Закуриваешь сигарету и садишься в кресло. «Чтобы они ни сказали тебе – это неправда, – звучит в голове голос Харриса. – Они всегда лгут, когда хотят убрать ненужных им людей. Убрать или подчинить. Подчинить и сломать».
– Или просто пришло время сдохнуть, – говорит тебе Майк. – И никакого тебе обмана. И все по-настоящему.
– Ян! – говорит Марта, дергая тебя за рукав.
Ты открываешь глаза и смотришь на грязный передник с желтыми нарисованными подсолнухами.
– Ну давай, – торопит тебя Майк. – Делай то, зачем пришел, и уходи.
– Ты помнишь, как мы с тобой… – начинаешь ты, но Марта прерывает тебя.
– Ты за этим сюда пришел, да? – ее голос становится неестественно глубоким. – Тебе только это от меня и нужно?
– Не совсем.
– Что тогда? – она отворачивается, подходит к окну и смотрит на улицу. – Думаешь, то, что было между нами, что-то значит?
– Для меня нет, – признаешься ты.
– А для меня да! Каждую ночь, когда мой муж прикасается ко мне, я вспоминаю тебя, и мне становится стыдно. Каждый раз, когда я укладываю детей спать, я вспоминаю те несколько минут, и понимаю, что я никудышная мать.
– Так говорит, словно это ты во всем виноват, – возмущается Майк. – Если ей нужно кого-то винить, то пусть винит себя и всех тех, кто был до тебя.
– Я никогда не изменяла мужу, – говорит Марта. – Никогда!
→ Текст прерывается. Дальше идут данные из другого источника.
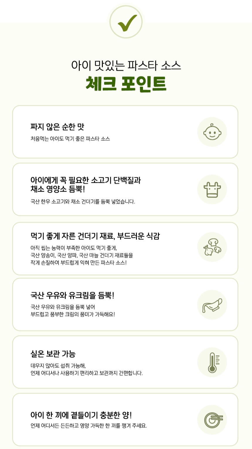 -適合15個月以上 -選用優質的牛肉搭配美味的忌廉白汁 -方便加熱進食 -可以搭配米飯/意大利麵等 -可在室溫下保存 -兒童專用拌飯/麵醬 - 外出攜帶方便 -不含人工香料、無防腐劑 -通過HACCP合格認證 #方便即食 #美味配搭

И если бы не ты… – она смолкает и смотрит куда-то за твою спину.
Входная дверь открыта. Муж Марты стоит на пороге и тупо молчит. Ты снова смотришь на Марту. Ненависть в ее глазах сменяется испугом. Она сжимается, словно затравленный зверек, загнанный в угол. В повисшей тишине ее вздох кажется неестественно громким. Ее тело вздрагивает, и по щекам начинают катиться крупные слезы. Рыдания настолько беззвучны, что кажется, будто ты смотришь немое кино под аккомпанемент больших настенных часов.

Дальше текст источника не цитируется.